NIO -XX:MaxDirectMemorySize=256m

Specifies the maximum amount of memory in bytes that the Java NIO library can allocate for direct memory buffers.  The default is 64 megabytes, which corresponds to 64m.  The use of direct memory buffers can minimize the copying cost when doing I/O operations.

Darrel said this switch is no longer pertinent.
________________________________________________________________________________

NIO DistributionManager.enqueueOrderedMessages=false

Inlines incoming message processing.
________________________________________________________________________________

EVICTION CONTROL lru.maxSearchEntries=10

Limits LRU eviction search to the specified number of entries.  Improves eviction performance as the number of entries searched decreases.  However, the semantics are no longer LRU.  See LRUStatistics.greedyReturns for a count of how many evictions were carried out in a not-completely-LRU manner.
________________________________________________________________________________

JAVA VM -Xms, -Xmx

Try not to exceed 80% of available RAM.  Exceeding available RAM results in swapping to disk.
________________________________________________________________________________

JAVA VM -XX:CompileThreshold=100

Shortens the HotSpot compilation warm-up period.  The default setting for the server VM is 10,000, which cause warm-up to take minutes.  The default for the client VM is only 1500, but hydra defaults to using server VMs.  Too low a value delays application startup, due to HotSpot compiling just about every method it discovers into native code.
________________________________________________________________________________

JAVA GC

The default garbage collector should be the first choice for garbage collection and will be adequate for the majority of applications. Each of the other collectors have some added overhead and/or complexity, which is the price for specialized behavior. If the application doesn't need the specialized behavior of the alternate collectors, use the default collector.
________________________________________________________________________________

JAVA GC -XX:+UseConcMarkSweepGC

The concurrent low pause collector.  Collects tenured generation concurrently with the application, thereby reducing the duration of pauses.  Useful for applications with large sets of long-lived data.
________________________________________________________________________________

JAVA GC -XX:+UseParNewGC

Enables multithreaded young generation collection.
________________________________________________________________________________

JAVA GC -XX:NewSize=16m and -XX:MaxNewSize=16m

Initial and maximum size of the young generation, that is, the amount of heap used for object creation.  A larger young generation yields fewer minor GCs, but also shrinks the tenured generation, increasing the frequency of major collections.  And vice versa.
________________________________________________________________________________

JAVA GC -XX:NewRatio=1

This denotes the relative size of the tenured generation to the young generation.  By default, the young generation size is controlled by NewRatio. For example, setting -XX:NewRatio=3 means that the ratio between the young and tenured generation is 1:3. In other words, the combined size of the eden and survivor spaces will be one fourth of the total heap size. 
________________________________________________________________________________

JAVA GC -XX:+AggressiveHeap

For large applications that are heavily threaded and run on hardware with a large amount of memory and a large number of processors, first try the aggressive heap option.  This option inspects the machine resources (size of memory and number of processors) and attempts to set various parameters to be optimal for long-running, memory allocation-intensive jobs. It was originally intended for machines with large amounts of memory and a large number of CPUs, but in the J2SE platform, version 1.4.1 and later it has shown itself to be useful even on four processor machines.

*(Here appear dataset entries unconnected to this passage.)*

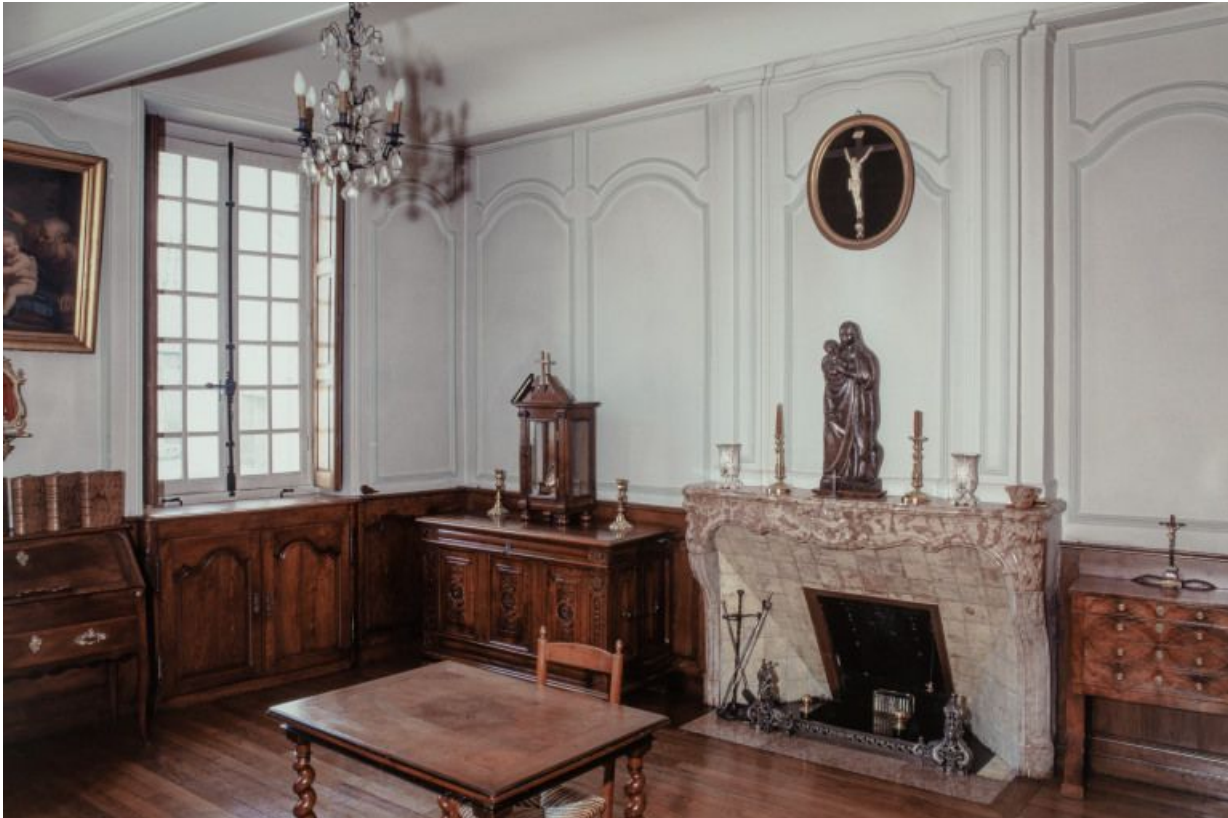
Bâtiment de la Communauté des soeurs et des orphelines, infirmerie des soeurs : cheminée et fenêtre sur cour. 21, Beaune, 3 rue Rousseau Deslandes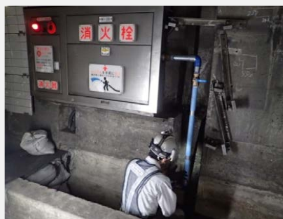
▲ 消火用配管立上り部設置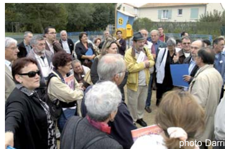
La présentation de l'aire de jeux du Grand Feu par les co-présidents du quartier de Sainte Pezenne

Pour la deuxième phase du projet, l'ouverture du bassin d'orage au public et sa valorisation, avec l'implantation d'un ponton, le conseil de quartier participe sur son budget à hauteur de 50 000 €. Les travaux sont envisagés en fin d'année 2007/ début d'année 2008.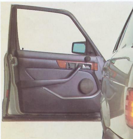
Türverkleidung Mercedes S-Klasse.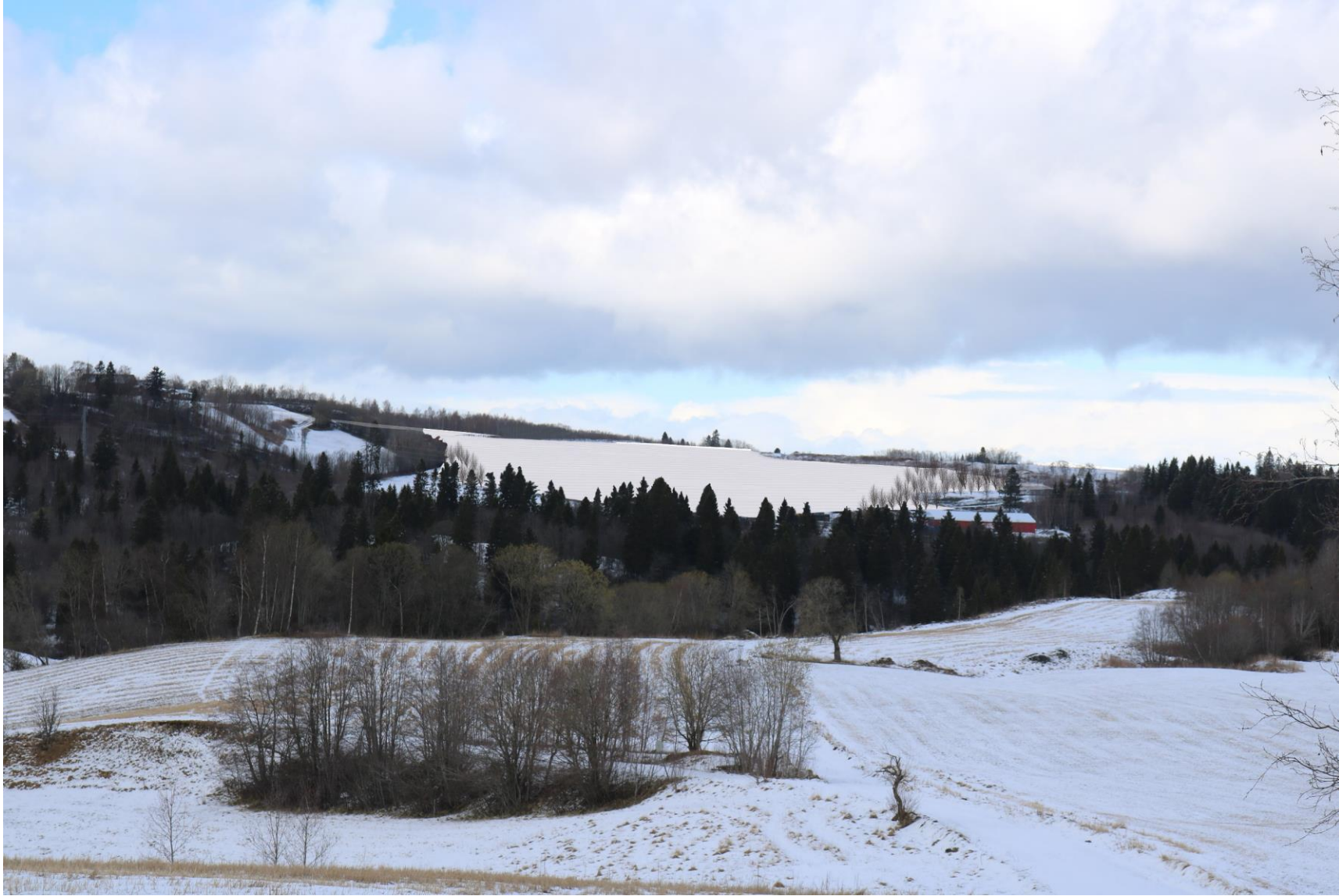
Figur 5 Oppfylling av området sett fra standpunkt 2, Nordtiller. Bebyggelse er fjernet og noe ny vegetasjon i ytterkant er tatt inn.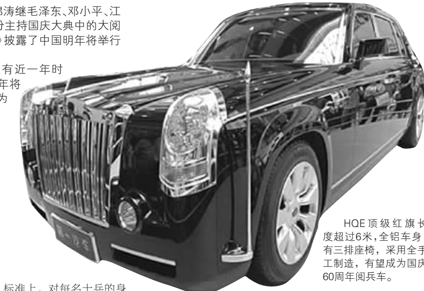
HQE顶级红旗长度超过6米,全铝车身,有三排座椅,采用全手工制作,有望成为国庆60周年阅兵车。

正规军队的选拔也在进行中。“在全军范围内,对受阅部队的选拔工作已经接近尾声,正在加紧最后的调整充实。”台北“中央社”在12月10日的报道中这样说,“选拔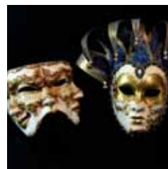
Máscaras de Carnaval Oficina homenageia tradição popular

Oficina ensina como fazer máscaras de Carnaval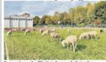
Pecore al pascolo all'Istituto Erasmo da Rotterdam.

Con l'iniziativa "Non seguire il gregge"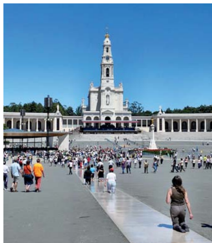
Bazilika Panny Marie Růžencové ve Fatimě

připravují trest. Bůh nás s naléhavostí varuje a volá na dobrou cestu za plného respektování svobody, kterou nám dal; odpovědnost proto nesou lidé sami.“ 5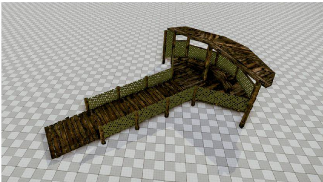
Abb. 5: 3D-Modell der Vogelbeobachtungsplattform.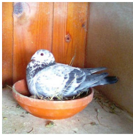
Spokojne hniezdiaci poštový holub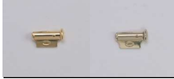
テッポウ(M)切り口上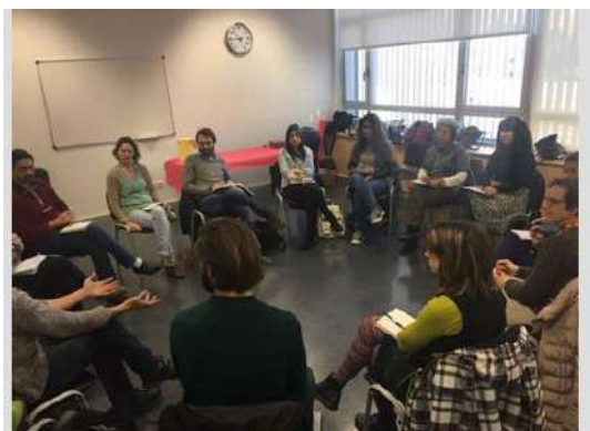
BreakfastYouth, 31 enero 2018

El Presidente de la Coordinadora participó en la edición de enero de esta actividad, organizada por el Espacio Joven, de Valladolid. La actividad tuvo lugar el 31 de enero en el Centro Cívico Canal de Castilla de Valladolid. El tema a abordar fue “Economía y consumo alternativo”. Se reflexionó sobre los hábitos de consumo de los jóvenes, propuestas de economía colaborativa y alternativa y cómo hacer llegar determinados mensajes a la juventud, apostando por un modelo económico y social basado en la justicia y el respeto.

With this option the throughput collector (-XX:+UseParallelGC) is used along with adaptive sizing (-XX:+UseAdaptiveSizePolicy). The physical memory on the machines must be at least 256MB before AggressiveHeap can be used. The size of the initial heap is calculated based on the size of the physical memory and attempts to make maximal use of the physical memory for the heap (i.e., the algorithms attempt to use heaps nearly as large as the total physical memory).
________________________________________________________________________________

JAVA GC -XX:+DisableExplicitGC

Turns off explicit GC.
________________________________________________________________________________

JAVA GC -XX:MaxGCPauseMillis=n

Not recommended.  Does not work well.
________________________________________________________________________________